EXTRACTED DATA Block Start

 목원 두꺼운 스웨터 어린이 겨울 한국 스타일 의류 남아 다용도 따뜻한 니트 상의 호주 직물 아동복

EXTRACTED DATA Block End
EXTRACTED DATA Block Start

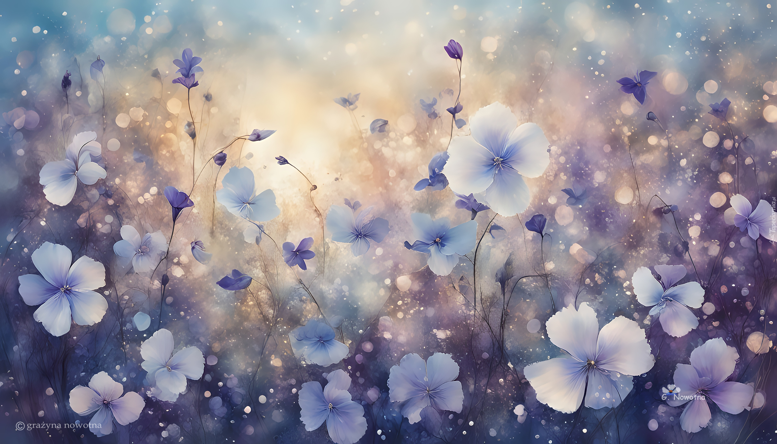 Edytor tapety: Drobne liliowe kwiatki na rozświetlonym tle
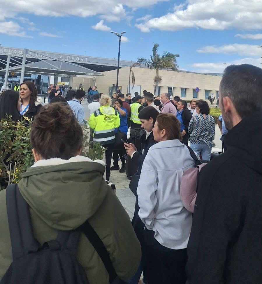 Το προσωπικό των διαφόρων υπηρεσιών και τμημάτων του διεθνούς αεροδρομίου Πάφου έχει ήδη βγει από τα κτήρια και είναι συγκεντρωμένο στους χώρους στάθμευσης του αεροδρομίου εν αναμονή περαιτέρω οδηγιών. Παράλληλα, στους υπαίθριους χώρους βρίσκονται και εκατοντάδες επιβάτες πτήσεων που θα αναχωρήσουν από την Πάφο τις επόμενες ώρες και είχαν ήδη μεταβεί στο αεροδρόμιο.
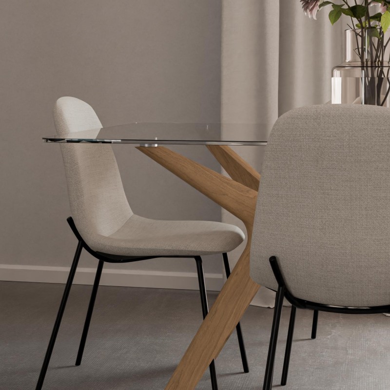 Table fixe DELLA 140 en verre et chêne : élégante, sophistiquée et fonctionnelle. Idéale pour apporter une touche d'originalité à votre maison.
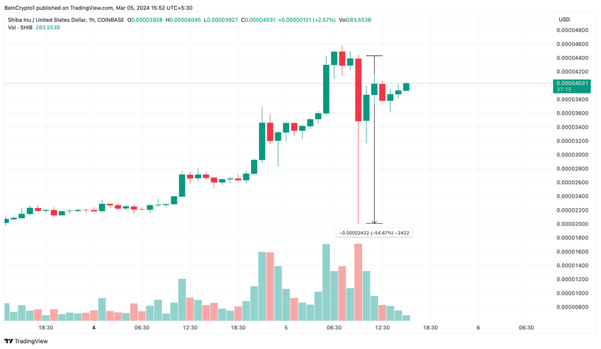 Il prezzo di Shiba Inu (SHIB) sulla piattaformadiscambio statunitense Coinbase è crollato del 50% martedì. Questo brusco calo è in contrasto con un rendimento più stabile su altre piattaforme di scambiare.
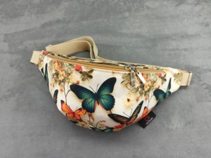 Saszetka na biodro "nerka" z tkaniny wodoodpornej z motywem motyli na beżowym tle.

EXTRACTED DATA Block End

**TASK DESCRIPTION:**
Starting with the line that has "Το προσωπικό των" and ending with the line that has "Saszetka na biodro", repeat the lines above exactly, omitting every picture.

**TASK ANSWER:**
 Το προσωπικό των διαφόρων υπηρεσιών και τμημάτων του διεθνούς αεροδρομίου Πάφου έχει ήδη βγει από τα κτήρια και είναι συγκεντρωμένο στους χώρους στάθμευσης του αεροδρομίου εν αναμονή περαιτέρω οδηγιών. Παράλληλα, στους υπαίθριους χώρους βρίσκονται και εκατοντάδες επιβάτες πτήσεων που θα αναχωρήσουν από την Πάφο τις επόμενες ώρες και είχαν ήδη μεταβεί στο αεροδρόμιο.
 Table fixe DELLA 140 en verre et chêne : élégante, sophistiquée et fonctionnelle. Idéale pour apporter une touche d'originalité à votre maison.
 Il prezzo di Shiba Inu (SHIB) sulla piattaformadiscambio statunitense Coinbase è crollato del 50% martedì. Questo brusco calo è in contrasto con un rendimento più stabile su altre piattaforme di scambiare.
 Saszetka na biodro "nerka" z tkaniny wodoodpornej z motywem motyli na beżowym tle.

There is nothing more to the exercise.